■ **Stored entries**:
───

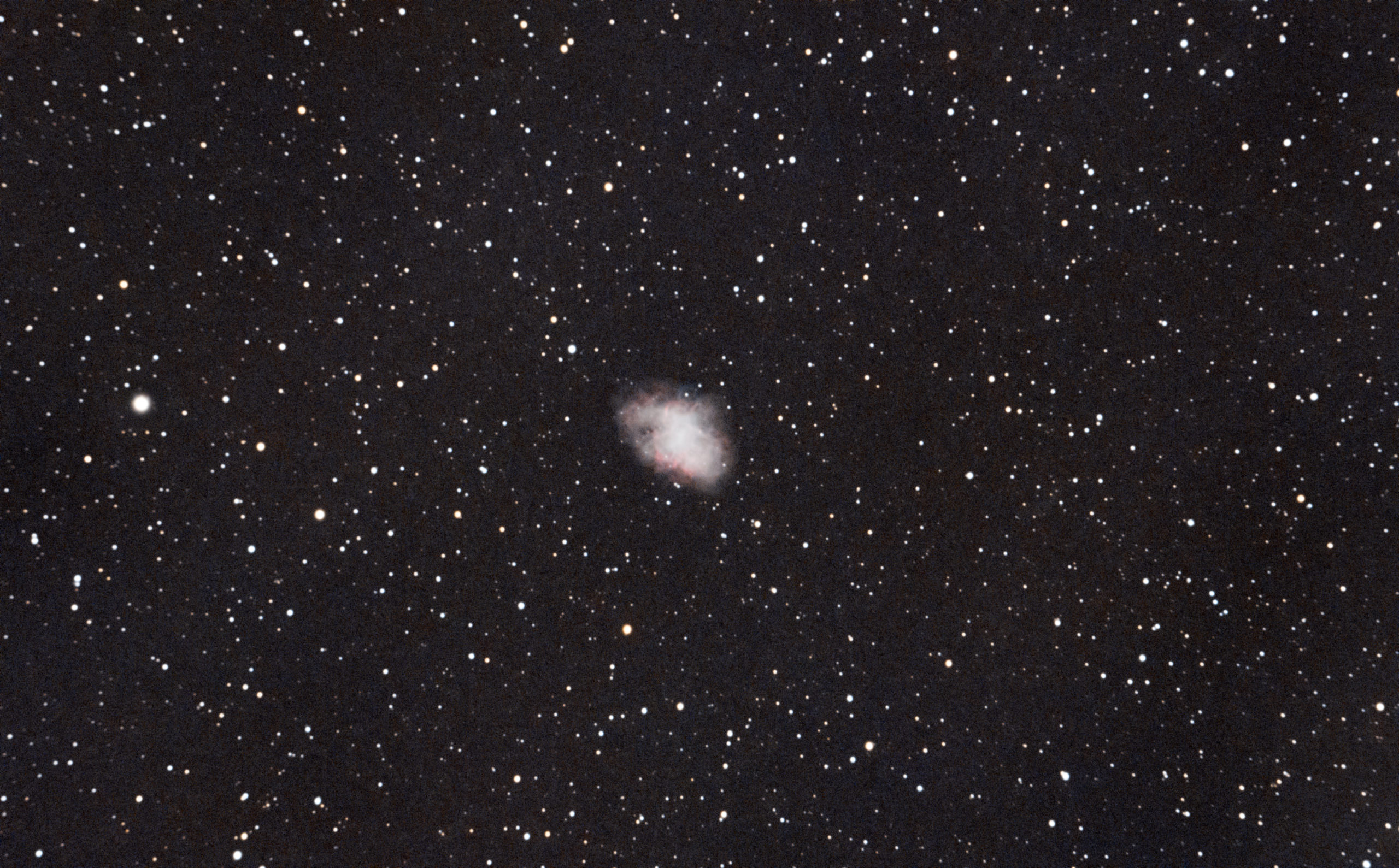Letos jsme se dokonce pokusili o zachycení Krabí mlhoviny v souhvězdí Býka (M1). Výsledný obrázek je výsledkem zhruba hodiny sběru dat na kameře Touptek 2600CP, dalekohledu TS Photoline Apo 115mm f7, guiding, na gain 100. Úpravy klasicky provedeny v PixInsight a Adobe Photoshop.
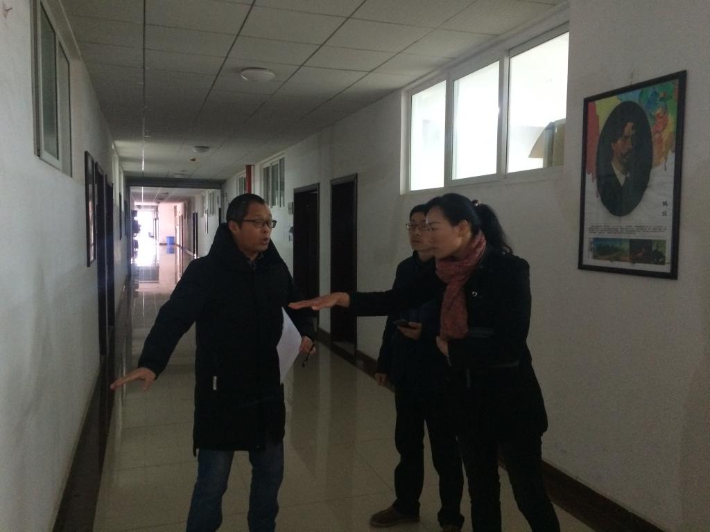 为了加强校园文化建设,丰富校园文化载体,切实发挥文化育人的功能。2017年3月7日,艺术公司党委书记付巧带领经理助理路统宽、办公室主任宋建强及美术系老师,对公司文化建设进行实地考察。
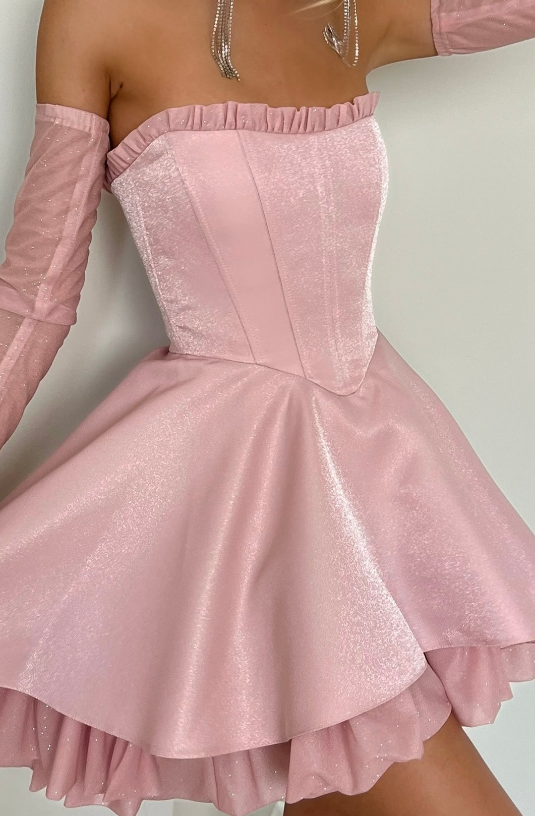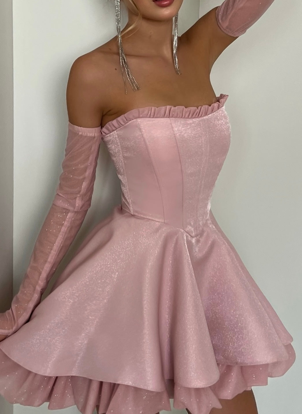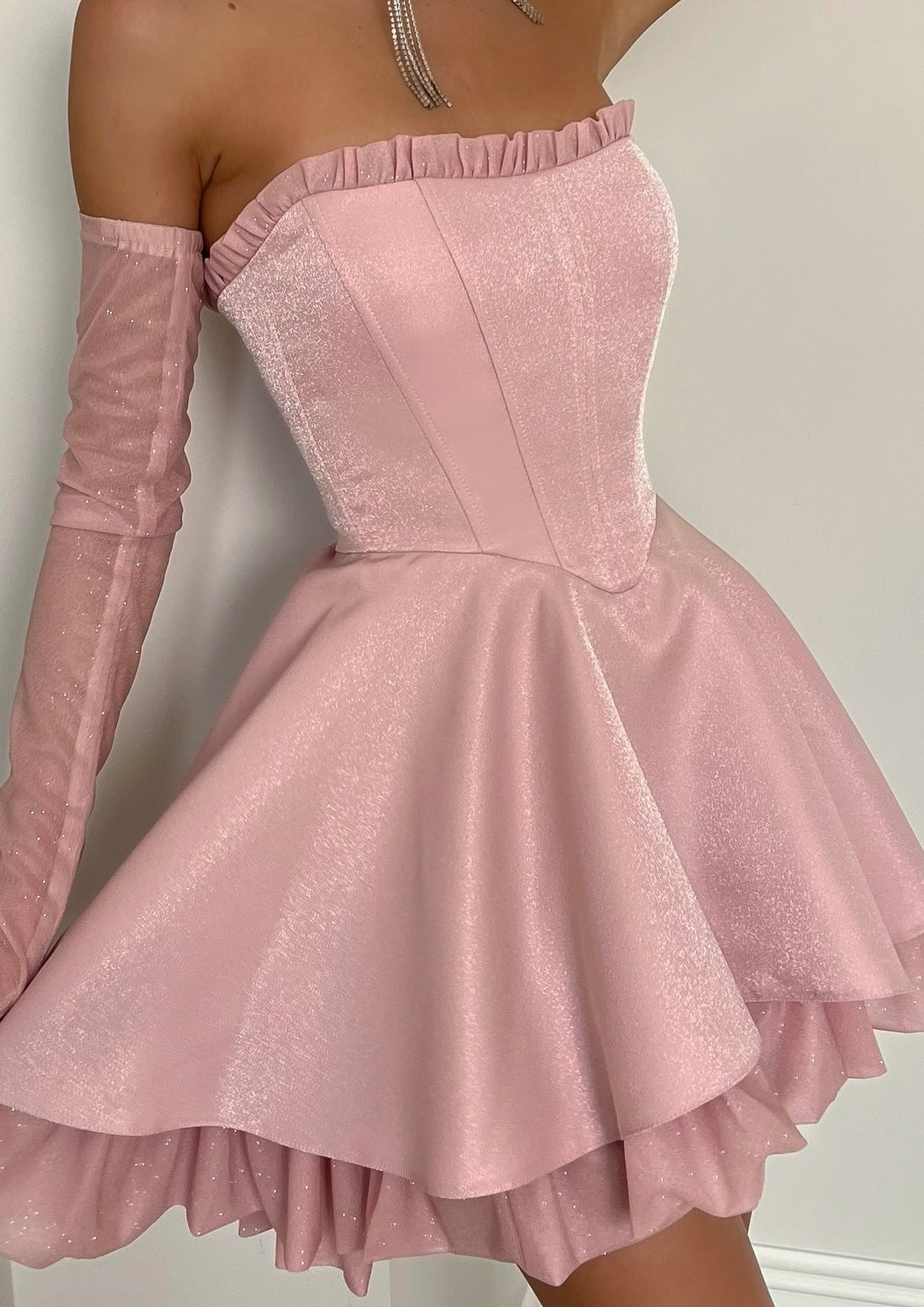 Tube Top Wooden Ear Multi-Layer Lotus Leaf Mini Dress
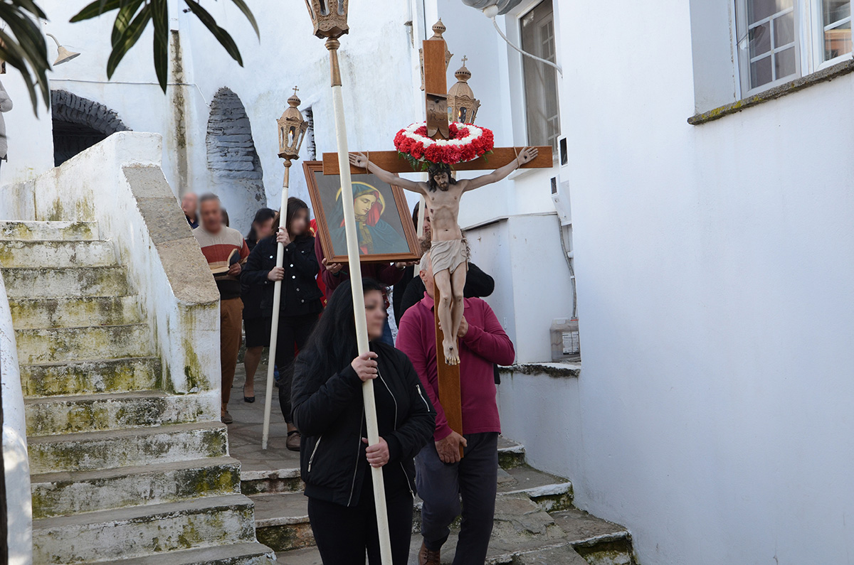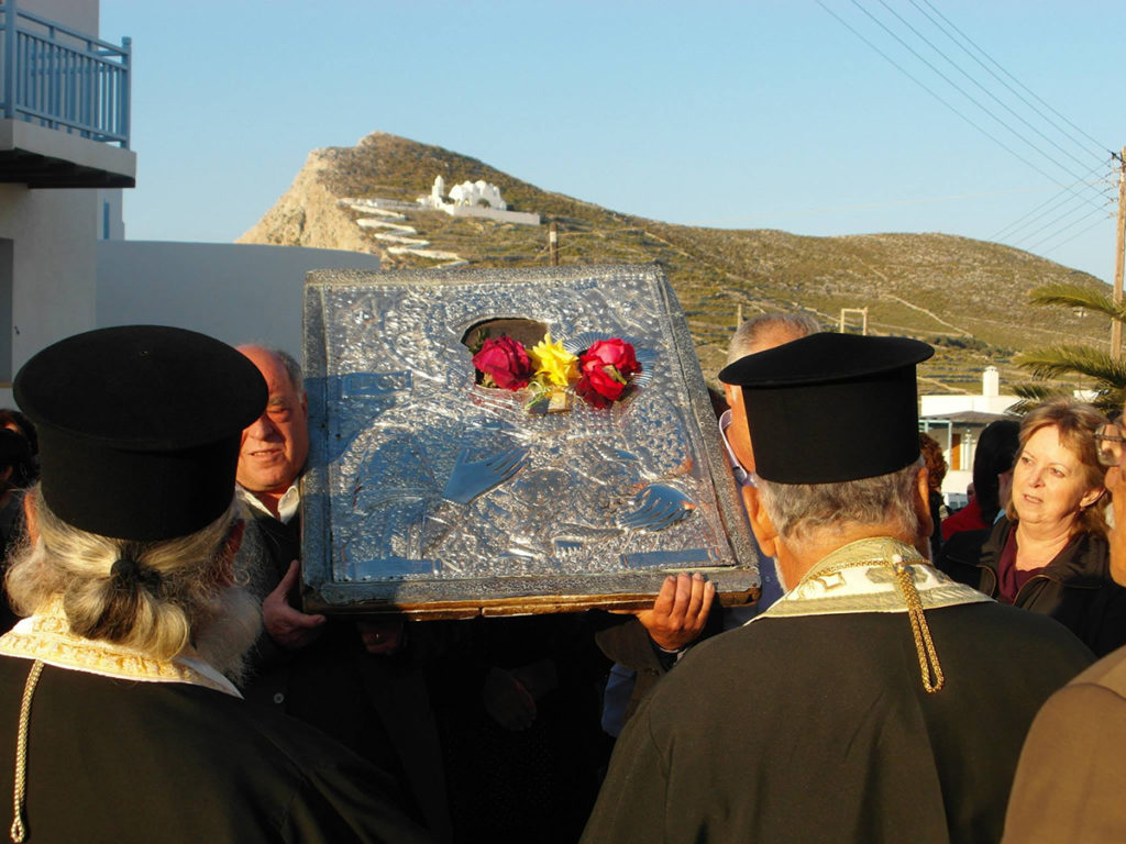 Την πορεία της Εικόνας της Παναγίας. Την Κυριακή του Πάσχα η ασημοστόλιστη Εικόνα, ξεκινάει την διαδρομή της από τον ναό της Παναγίας προς την Χώρα. Όλα τα σπίτια των ντόπιων ανοίγουν να υποδεχθούν την εικόνα, καθώς και τον κόσμο που την συνοδεύει. Ντόπιοι και επισκέπτες έχουν την ευκαιρία να κεραστούν και να γευτούν τοπικά πασχαλινά εδέσματα και ποτά, με πολύ κέφι και κοινωνικοποίηση σε όλα τα σπίτια.
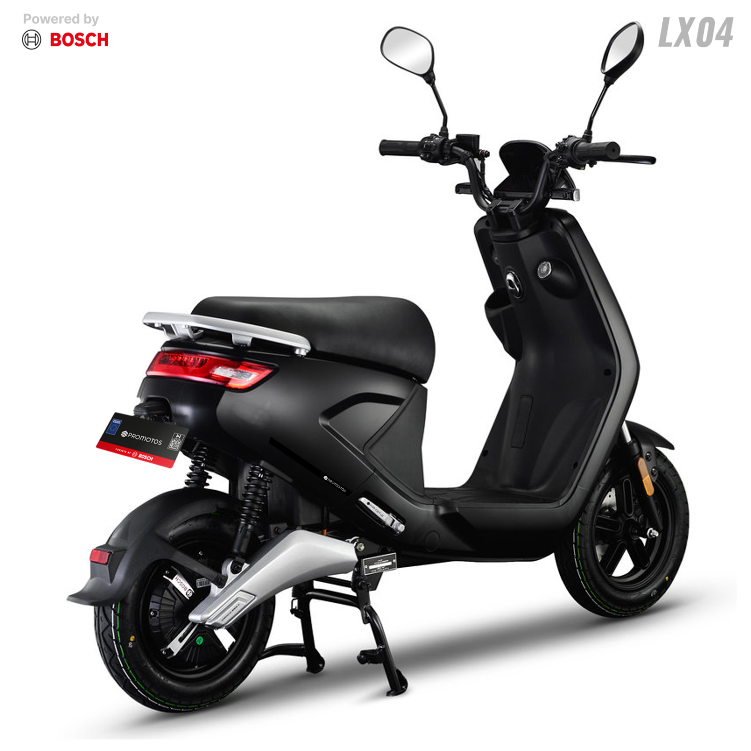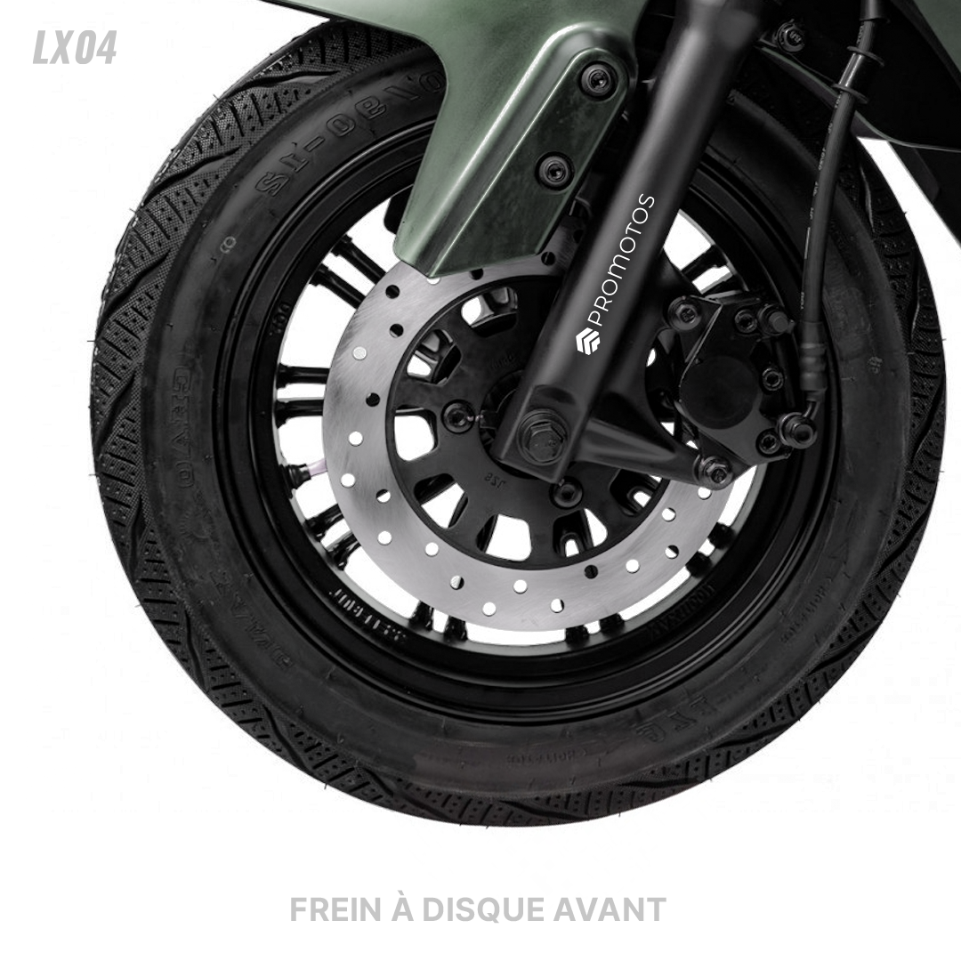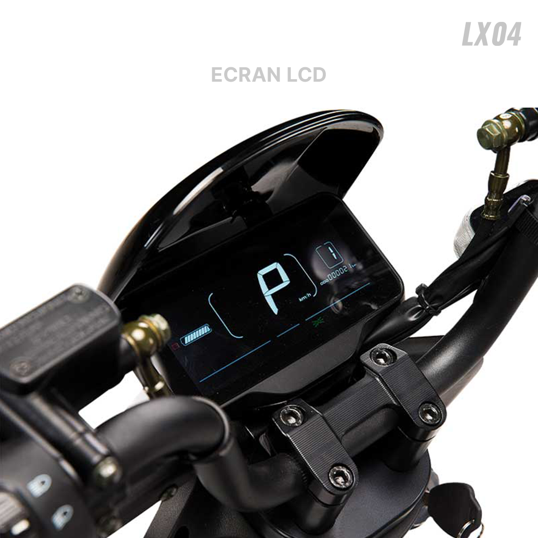 Scooter Électrique LVNENG LX04 - Type de Moteur: Bosch, Puissance de Moteur: 1440 Watts, Vitesse max: 45 km/h, Poids maximum supporté: 217 Kg, Batterie Lithium-ion 48V 26 Ah (BMS Système de management de batterie), Temps de recharge: 4 heures (de 0 à 100%), Autonomie de Batterie: Jusqu'à 50 km par batterie, Frein à disque avant & arrière, Pneus Tubeless 80/100/10, Éclairage LED, Capacité de pente: 12° (21%), Étanchéité IPX7, Alarme intégrée, Démarrage sans clé, Mode parking, Port USB, Vide poche, Repose pied rétractable, Télécommande, Sans Haut-Parleurs et Connexion Bluetooth, Dimensions: 1700 x 700 x 1050 mm, Garantie: 2 ans (sur Batterie) + 25000 Km (sur Moteur)
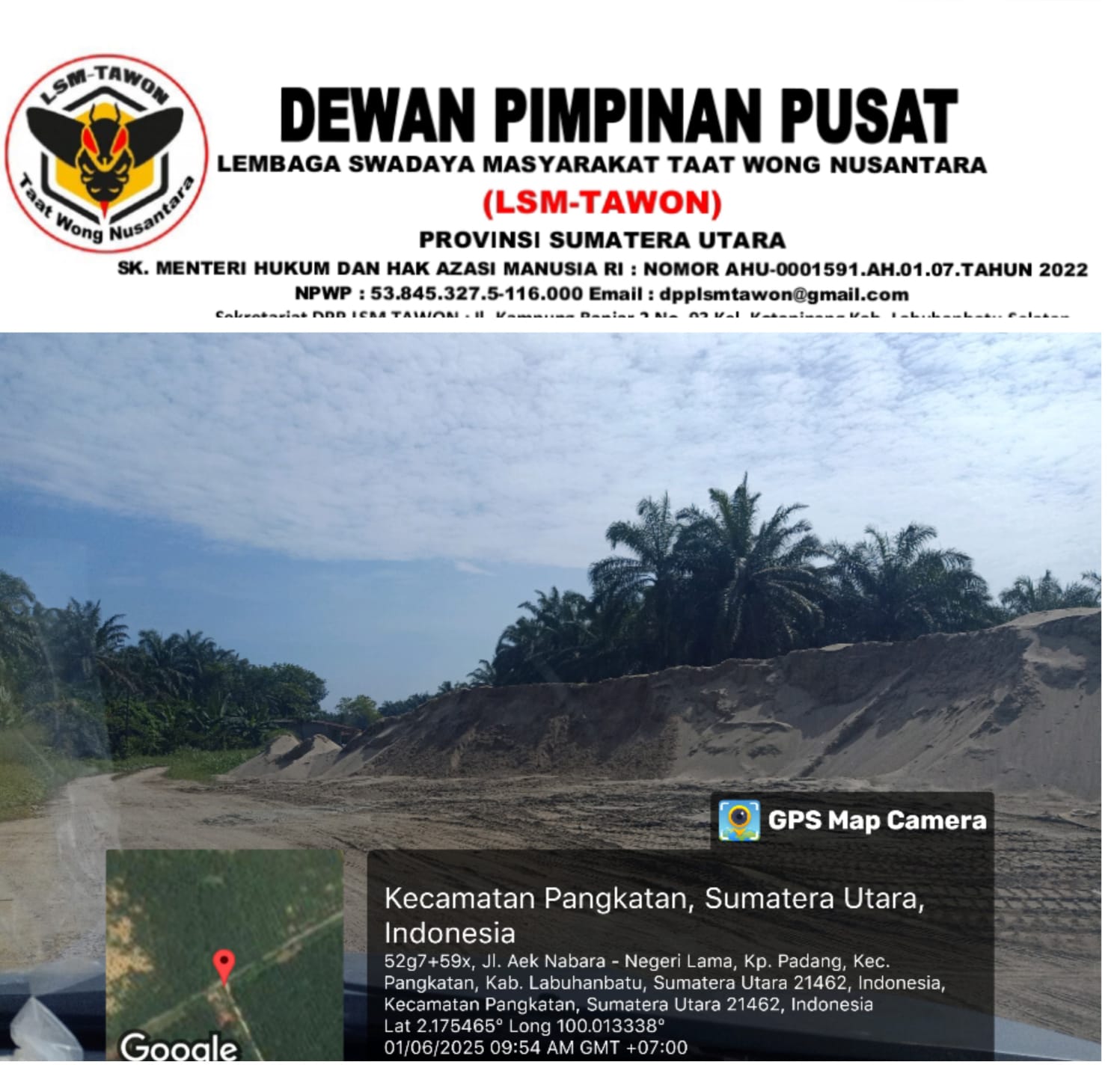 Dewan Pimpinan Pusat Lembaga Swadaya Masyarakat Taat Wong Nusantara (DPP LSM TAWON) secara resmi melaporkan dugaan aktivitas penambangan pasir ilegal (galian C) di wilayah Kabupaten Labuhanbatu, Sumatera Utara, ke Kepolisian Daerah Sumatera Utara (Polda Sumut). Laporan tersebut disampaikan dalam bentuk surat tertulis yang ditujukan kepada Kapolda Sumut Cq Direktur Reserse Kriminal Khusus.
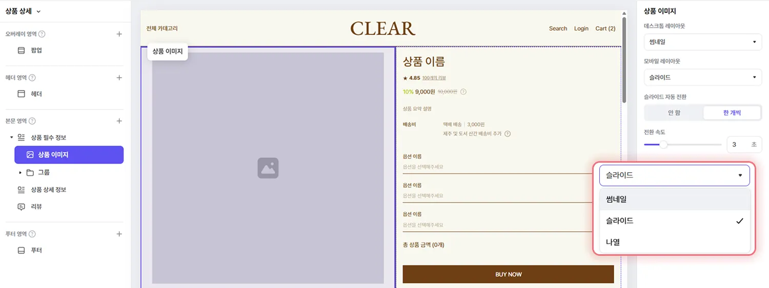 기존 식스샵도 상품 이미지 레이아웃을 썸네일, 슬라이드, 나열 중에 선택할 수 있었지만 이 설정은 데스크탑과 모바일에 공통 적용되었는데요. 식스샵 프로에서는 기기별 레이아웃을 별도 설정할 수 있어요.

───

■ **WORK INSTRUCTION**: Leave out the pictures and restate, word for word, the lines from the top of the data through the line containing "Scooter Électrique LVNENG", both included.

■ **TASK RESPONSE**:
Letos jsme se dokonce pokusili o zachycení Krabí mlhoviny v souhvězdí Býka (M1). Výsledný obrázek je výsledkem zhruba hodiny sběru dat na kameře Touptek 2600CP, dalekohledu TS Photoline Apo 115mm f7, guiding, na gain 100. Úpravy klasicky provedeny v PixInsight a Adobe Photoshop.
 为了加强校园文化建设,丰富校园文化载体,切实发挥文化育人的功能。2017年3月7日,艺术公司党委书记付巧带领经理助理路统宽、办公室主任宋建强及美术系老师,对公司文化建设进行实地考察。
 Tube Top Wooden Ear Multi-Layer Lotus Leaf Mini Dress
 Την πορεία της Εικόνας της Παναγίας. Την Κυριακή του Πάσχα η ασημοστόλιστη Εικόνα, ξεκινάει την διαδρομή της από τον ναό της Παναγίας προς την Χώρα. Όλα τα σπίτια των ντόπιων ανοίγουν να υποδεχθούν την εικόνα, καθώς και τον κόσμο που την συνοδεύει. Ντόπιοι και επισκέπτες έχουν την ευκαιρία να κεραστούν και να γευτούν τοπικά πασχαλινά εδέσματα και ποτά, με πολύ κέφι και κοινωνικοποίηση σε όλα τα σπίτια.
 Scooter Électrique LVNENG LX04 - Type de Moteur: Bosch, Puissance de Moteur: 1440 Watts, Vitesse max: 45 km/h, Poids maximum supporté: 217 Kg, Batterie Lithium-ion 48V 26 Ah (BMS Système de management de batterie), Temps de recharge: 4 heures (de 0 à 100%), Autonomie de Batterie: Jusqu'à 50 km par batterie, Frein à disque avant & arrière, Pneus Tubeless 80/100/10, Éclairage LED, Capacité de pente: 12° (21%), Étanchéité IPX7, Alarme intégrée, Démarrage sans clé, Mode parking, Port USB, Vide poche, Repose pied rétractable, Télécommande, Sans Haut-Parleurs et Connexion Bluetooth, Dimensions: 1700 x 700 x 1050 mm, Garantie: 2 ans (sur Batterie) + 25000 Km (sur Moteur)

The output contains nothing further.